Kayseri’de bilinen ilk Ermeni kilisesi 1191 yılında Surp Krikor ismiyle bilinir. Varlığını 17. yüzyıla kadar korumuş olan bu kilise 1653’te aynı şekilde karşımıza çıkar. Yüzyıllar boyu onarılarak ve yeniden inşa edilerek günümüze kadar ulaşan kilise budur.
19. yüzyılın ilk yarısında harab olmuş veya yıkılmış olan bu kilise, 1859’da yeniden inşa edilir. Bu inşaat işinde herkes tarafından sevilen bir esnaf olan Kevork Ağa Mındigyan önemli rol oynar ve arkadaşları ile beraber kilisenin gereksinimlerini adilane bir şekilde karşılar. Tüm pastırma tüccarları, zanaatkarlar ve esnaf başlıca destekçileridir. Büyük bir şevkle çalışıp, işi kısa zamanda bitirirler. 1875’te vefat eden Kevork Ağa avluya gömülür. Kilise’nin iç sıvası ve altın varak kaplaması ise 1903’te yapılır.

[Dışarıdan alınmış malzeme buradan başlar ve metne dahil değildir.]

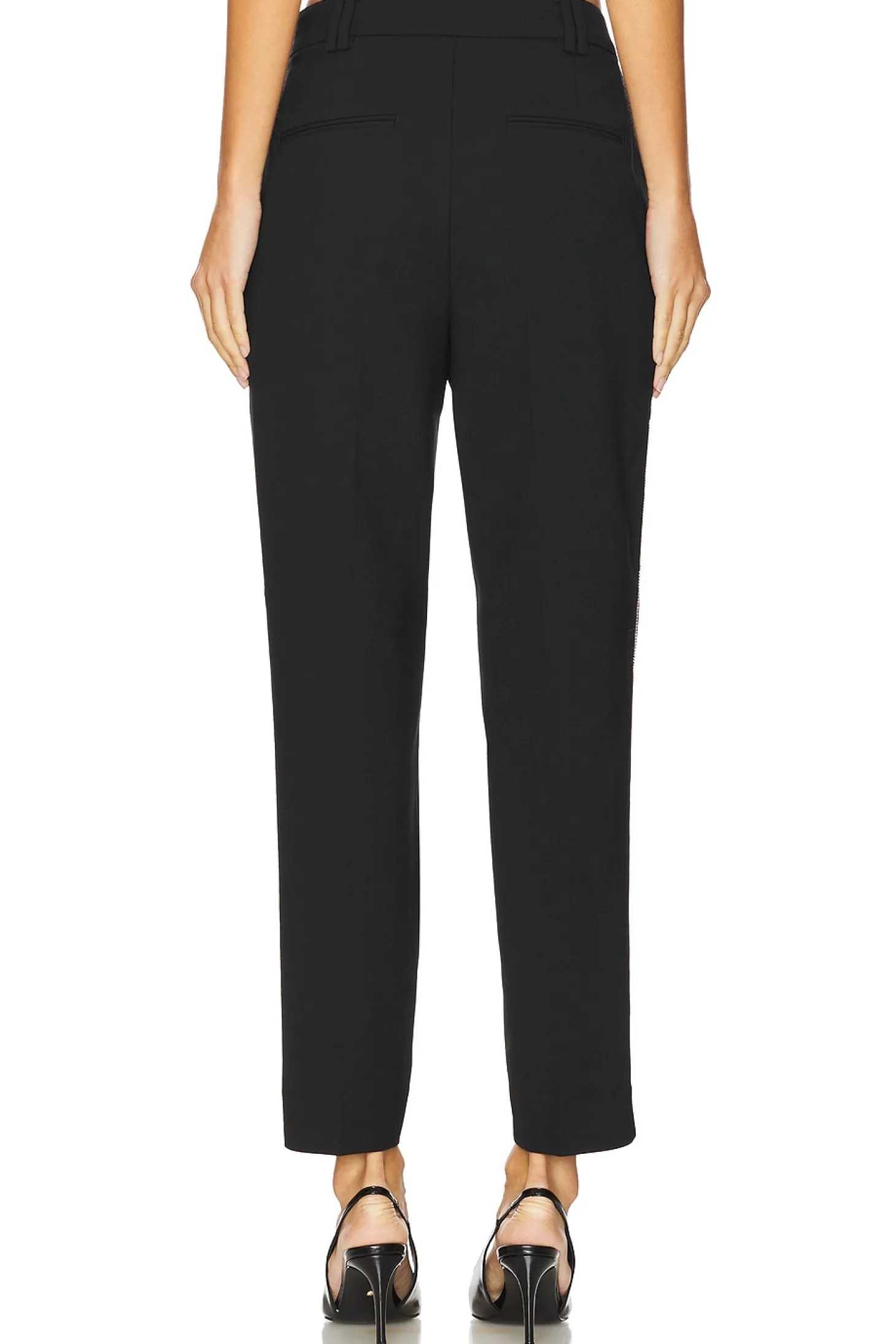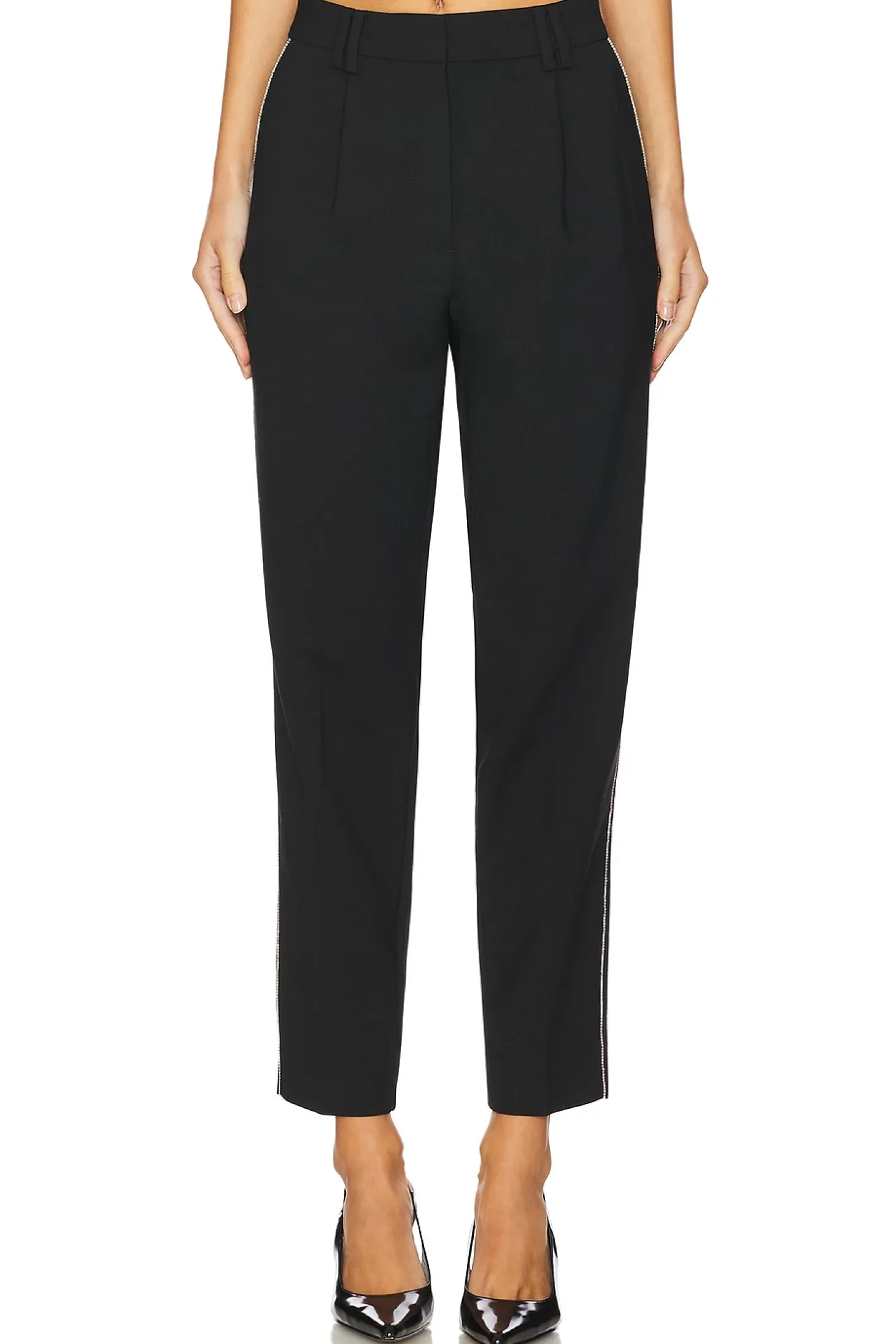 Self: 43% recycled polyester 32% viscose 23% wool 2% elastane Pocket Lining: 100% recycled polyester.Made in China.Dry clean.Zip fly with dual hook and bar closure.4-pocket styling.Front pintuck detailing.Suiting fabric with crystal embellished trim at sides Item not sold as a set.16" at the knee narrows to 12" at the leg opening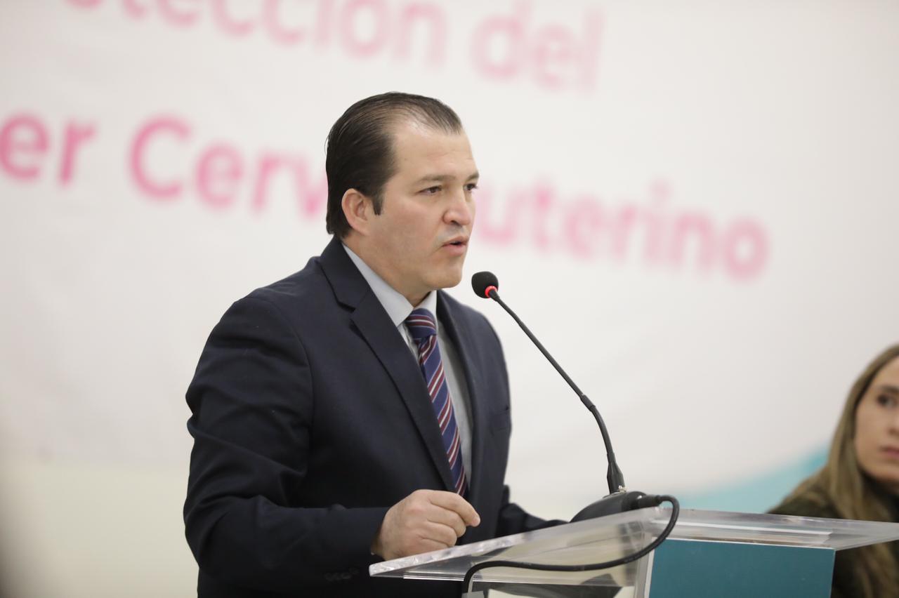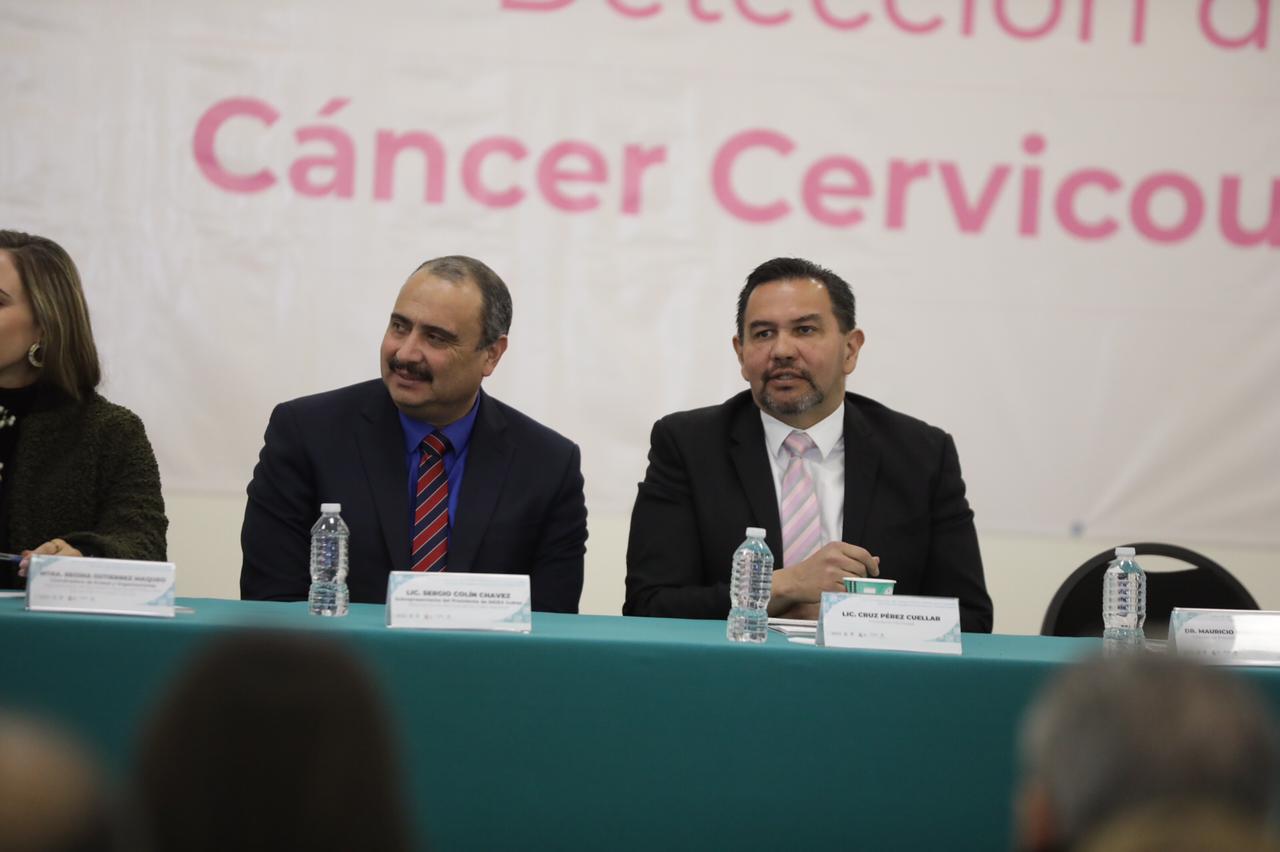 El Presidente Municipal, Cruz Pérez Cuéllar, participó en la ceremonia de arranque de la estrategia para la eliminación del cáncer cervicouterino, con la cual se busca implementar la prueba del virus del papiloma humano en 35 mil mujeres trabajadoras afiliadas al Instituto Mexicano del Seguro Social en Ciudad Juárez.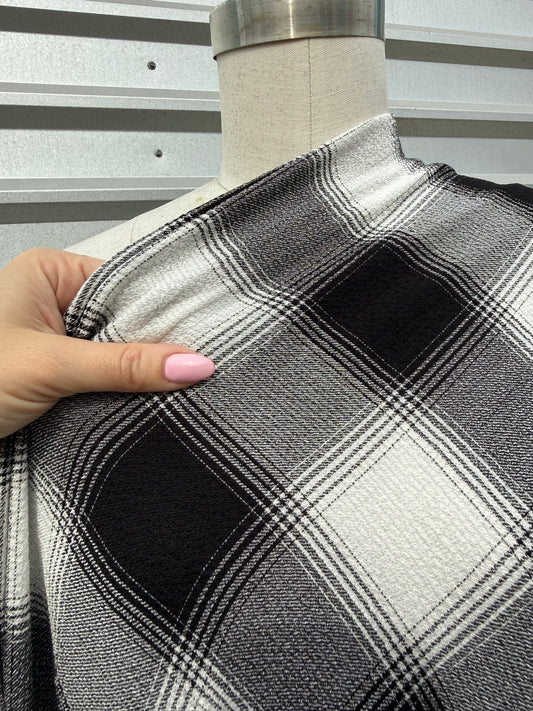 Black White Large Plaid Polyester Crepe Woven "Salt and Pepper"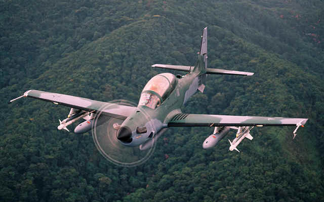 美国人用农业飞机“空中卡车”改装的低烈度战场中的近距战场支援飞机(也叫反暴乱飞机)AT-802U,此图中展示的型号吊挂了HMP250 RMP机枪/火箭吊舱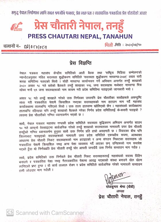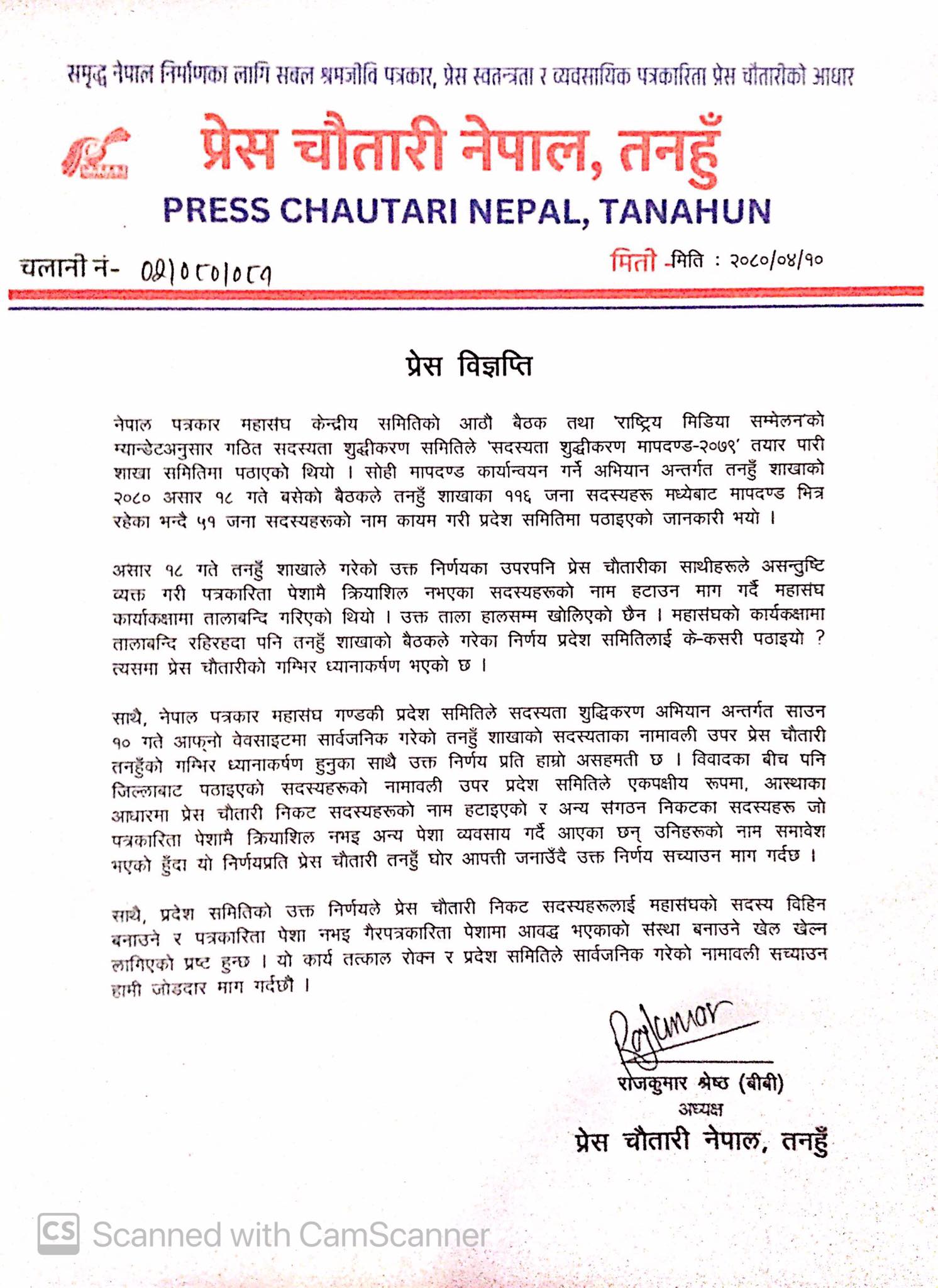 शुद्धीकरणको नाम दिएर वहुमतको नाममा चौतारी निकट क्रियाशिल पत्रकारहरुलाई सदस्यता नविकरण नगरिएको भन्दै प्रेस चौतारी तनहुँ शाखाले असहमती भएको अध्यक्ष राजकुमार श्रेष्ठ (बीवी) बताए ।

Surp Lusavoriç Kilisesi halk ibadethanesi olarak nitelendirilirdi, oysa Surp Asdvadzadzin ve Surp Sarkis kiliseleri şehrin aristokrat sınıfının ibadethaneleriydi.
I. Dünya Savaşı’ndan sonra Kilise’de bazı onarımlar yapılır. 1919’da ise bir hayırsever 100 altın tutarındaki bir bağış karşılığında Vartavar kutlamasından önceki cumartesi akşamı cemaatte bir hüzün dalgasına yol açarak kilisenin çanını çaldı.
Surp Krikor Lusavoriç kilisesi İç Anadolu’daki tek Ermeni kilisesi olmasından dolayı bölgedeki tüm Hıristiyan Ermeni cemaatimizin de ruhani merkezidir.
Kilise 1996’da Kayserili Zadig ve Penyamin Toker kardeşlerin hayırseverliğiyle yenilendi. Kilise son kez 2009’da onarım görerek Patrik Genel Vekili Başepiskopos Aram Ateşyan tarafından ibadete açıldı.